---- SUPPLIED DATA

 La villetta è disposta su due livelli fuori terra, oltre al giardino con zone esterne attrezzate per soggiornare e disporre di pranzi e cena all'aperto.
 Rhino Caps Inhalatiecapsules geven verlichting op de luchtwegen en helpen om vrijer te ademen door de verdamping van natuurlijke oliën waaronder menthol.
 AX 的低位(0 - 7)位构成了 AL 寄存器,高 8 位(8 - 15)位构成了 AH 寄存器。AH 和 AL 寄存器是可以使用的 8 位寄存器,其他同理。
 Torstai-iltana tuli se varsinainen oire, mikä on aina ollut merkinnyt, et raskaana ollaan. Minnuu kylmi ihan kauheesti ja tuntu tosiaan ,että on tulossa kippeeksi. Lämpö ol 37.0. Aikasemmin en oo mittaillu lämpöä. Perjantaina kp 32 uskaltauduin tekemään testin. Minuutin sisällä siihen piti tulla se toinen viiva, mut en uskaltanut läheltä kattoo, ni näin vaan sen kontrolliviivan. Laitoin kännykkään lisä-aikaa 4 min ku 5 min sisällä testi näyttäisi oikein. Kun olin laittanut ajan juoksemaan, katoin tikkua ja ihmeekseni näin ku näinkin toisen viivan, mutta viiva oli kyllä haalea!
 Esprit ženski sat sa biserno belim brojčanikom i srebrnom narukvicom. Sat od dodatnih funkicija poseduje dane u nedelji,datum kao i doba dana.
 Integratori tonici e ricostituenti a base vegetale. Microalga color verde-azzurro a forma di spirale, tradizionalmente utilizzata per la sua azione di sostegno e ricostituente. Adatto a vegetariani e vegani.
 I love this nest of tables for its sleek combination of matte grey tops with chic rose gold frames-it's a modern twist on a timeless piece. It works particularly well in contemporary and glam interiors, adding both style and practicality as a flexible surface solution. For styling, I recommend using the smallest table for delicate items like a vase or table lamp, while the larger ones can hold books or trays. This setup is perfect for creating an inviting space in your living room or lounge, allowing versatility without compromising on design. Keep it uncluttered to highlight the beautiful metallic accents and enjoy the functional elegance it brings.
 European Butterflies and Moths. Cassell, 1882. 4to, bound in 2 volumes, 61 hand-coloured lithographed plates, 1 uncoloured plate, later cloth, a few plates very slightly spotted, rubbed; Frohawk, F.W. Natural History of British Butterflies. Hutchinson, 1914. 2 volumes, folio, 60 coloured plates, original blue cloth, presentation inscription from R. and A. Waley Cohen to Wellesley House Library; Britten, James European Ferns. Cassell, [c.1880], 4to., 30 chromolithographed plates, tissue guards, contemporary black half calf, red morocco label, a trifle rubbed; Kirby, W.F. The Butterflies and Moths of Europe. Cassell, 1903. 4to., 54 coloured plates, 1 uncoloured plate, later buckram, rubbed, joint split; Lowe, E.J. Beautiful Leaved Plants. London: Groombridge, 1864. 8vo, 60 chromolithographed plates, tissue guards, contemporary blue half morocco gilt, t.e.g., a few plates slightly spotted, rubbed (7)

--------

> EXERCISE OBJECTIVE
Repeat the data in full. Alter nothing.

> ANSWER FOR THIS EXERCISE
 La villetta è disposta su due livelli fuori terra, oltre al giardino con zone esterne attrezzate per soggiornare e disporre di pranzi e cena all'aperto.
 Rhino Caps Inhalatiecapsules geven verlichting op de luchtwegen en helpen om vrijer te ademen door de verdamping van natuurlijke oliën waaronder menthol.
 AX 的低位(0 - 7)位构成了 AL 寄存器,高 8 位(8 - 15)位构成了 AH 寄存器。AH 和 AL 寄存器是可以使用的 8 位寄存器,其他同理。
 Torstai-iltana tuli se varsinainen oire, mikä on aina ollut merkinnyt, et raskaana ollaan. Minnuu kylmi ihan kauheesti ja tuntu tosiaan ,että on tulossa kippeeksi. Lämpö ol 37.0. Aikasemmin en oo mittaillu lämpöä. Perjantaina kp 32 uskaltauduin tekemään testin. Minuutin sisällä siihen piti tulla se toinen viiva, mut en uskaltanut läheltä kattoo, ni näin vaan sen kontrolliviivan. Laitoin kännykkään lisä-aikaa 4 min ku 5 min sisällä testi näyttäisi oikein. Kun olin laittanut ajan juoksemaan, katoin tikkua ja ihmeekseni näin ku näinkin toisen viivan, mutta viiva oli kyllä haalea!
 Esprit ženski sat sa biserno belim brojčanikom i srebrnom narukvicom. Sat od dodatnih funkicija poseduje dane u nedelji,datum kao i doba dana.
 Integratori tonici e ricostituenti a base vegetale. Microalga color verde-azzurro a forma di spirale, tradizionalmente utilizzata per la sua azione di sostegno e ricostituente. Adatto a vegetariani e vegani.
 I love this nest of tables for its sleek combination of matte grey tops with chic rose gold frames-it's a modern twist on a timeless piece. It works particularly well in contemporary and glam interiors, adding both style and practicality as a flexible surface solution. For styling, I recommend using the smallest table for delicate items like a vase or table lamp, while the larger ones can hold books or trays. This setup is perfect for creating an inviting space in your living room or lounge, allowing versatility without compromising on design. Keep it uncluttered to highlight the beautiful metallic accents and enjoy the functional elegance it brings.
 European Butterflies and Moths. Cassell, 1882. 4to, bound in 2 volumes, 61 hand-coloured lithographed plates, 1 uncoloured plate, later cloth, a few plates very slightly spotted, rubbed; Frohawk, F.W. Natural History of British Butterflies. Hutchinson, 1914. 2 volumes, folio, 60 coloured plates, original blue cloth, presentation inscription from R. and A. Waley Cohen to Wellesley House Library; Britten, James European Ferns. Cassell, [c.1880], 4to., 30 chromolithographed plates, tissue guards, contemporary black half calf, red morocco label, a trifle rubbed; Kirby, W.F. The Butterflies and Moths of Europe. Cassell, 1903. 4to., 54 coloured plates, 1 uncoloured plate, later buckram, rubbed, joint split; Lowe, E.J. Beautiful Leaved Plants. London: Groombridge, 1864. 8vo, 60 chromolithographed plates, tissue guards, contemporary blue half morocco gilt, t.e.g., a few plates slightly spotted, rubbed (7)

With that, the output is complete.